Note that this only has any hope of building on Linux, and even then only if ./configure on your machine produces something comparable to my machine. Also note that many of the files (such as the Tuprules.tup files scattered about) were mostly generated from a script, so they don't really show how a real port to tup would be structured. The following steps will try to build it, and assume you already have tup installed:

$ hg clone https://bitbucket.org/marfey/releases-mozilla-central mozilla-central-tup
$ cd mozilla-central-tup
$ mkdir obj-default
$ touch obj-default/tup.config
$ tup init
$ tup upd

(This my first foray into hg, so please let me know if something is wrong with the repository).

The initial build will take some time, but afterward you should be able to modify files anywhere in the tree and build with just 'tup upd'. The only new files in here that may be of any help for a real port are parts of the top-level Tuprules.tup file, build.tup, and xpt.tup. The rest is mostly script generated or lazily cut'n paste from the make build. See the next section for how a real port should be done.

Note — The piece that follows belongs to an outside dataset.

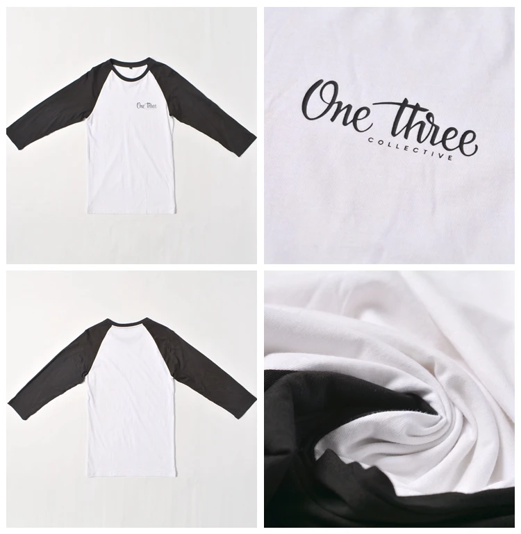 3/4 sleeves contrast color t shirt with screen printing design :

Firefox and Tup - A Real Port

In order to perform an actual port of mozilla-central to tup, I would recommend the following approach:

Keep the existing make-based front-end and back-end as-is. This will allow developers to continue to use what they are comfortable with, and also develop on platforms where tup itself has not yet been ported.
Implement a tup back-end under config/ to sit side-by-side with the existing make back-end. The front-end Makefile.in files look to be well-maintained and very concise, and should be re-usable by a tup back-end. Tup can parse the syntax of most data-driven Makefiles, and where this is not possible it is able to run external scripts (such as python) to supplement its parsing abilities.
Modify configure to generate Tupfiles instead of Makefiles if a certain option is given. Essentially, at configure time, a developer can choose to build with either tup or make.

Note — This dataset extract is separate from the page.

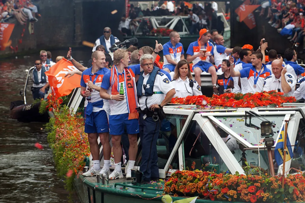 SUPER FOTO** Primire de gală pentru eroii Olandei! Sneijder și compania au defilat pe canalele din Amsterdam

Tup still requires a Tupfile in each directory where files are created by the build system. In many cases, I suspect this will be a stub file that just includes the default rules and runs a script. Two possibilities are:

include_rules
include Makefile.in
include $(MOZ_ROOT)/config/build.tup

Or if python is required to parse the Makefile.in (or Makefile), the per-directory Tupfiles may look like:

include_rules
run $(MOZ_ROOT)/config/buildtup.py

Where "build.tup" and/or "buildtup.py" would constitute the tup back-end. An example of this approach can be found in a tup port of the Linux kernel used in gittup.org, where a python script is used to parse most of the kernel's data-driven Makefiles and generate tup rules.

This approach should have the following characteristics:

The transition can happen slowly, so that developers can try out tup if they like, but can still use make in the meantime
There is no "flag day" where everyone must switch over at once.
Most of the build configuration is in the front-end, so for example adding a new EXPORT in dom/base/Makefile.in would work for both make and tup.
Changes to the back-end would require changes in both systems, at least until a decision is made to stick with one build system or the other.

The primary benefits to switching to tup are:

The incremental build speed is extremely fast, and generally limited by the tools rather than by tup.
Tup checks dependencies, and is parallel-safe
Changing a command-line (adding to CXXFLAGS, for example) causes the changed commands to be re-executed.
Renaming/moving/deleting files, Tupfiles, and whole directories are completely supported for incremental builds. Refactor away!

Some potential downsides:

Tup is currently only supported on Linux, Windows, and OSX.
Maintaining two back-ends may be annoying if there is work planned to restructure the build. (Restructuring the front-end shouldn't matter).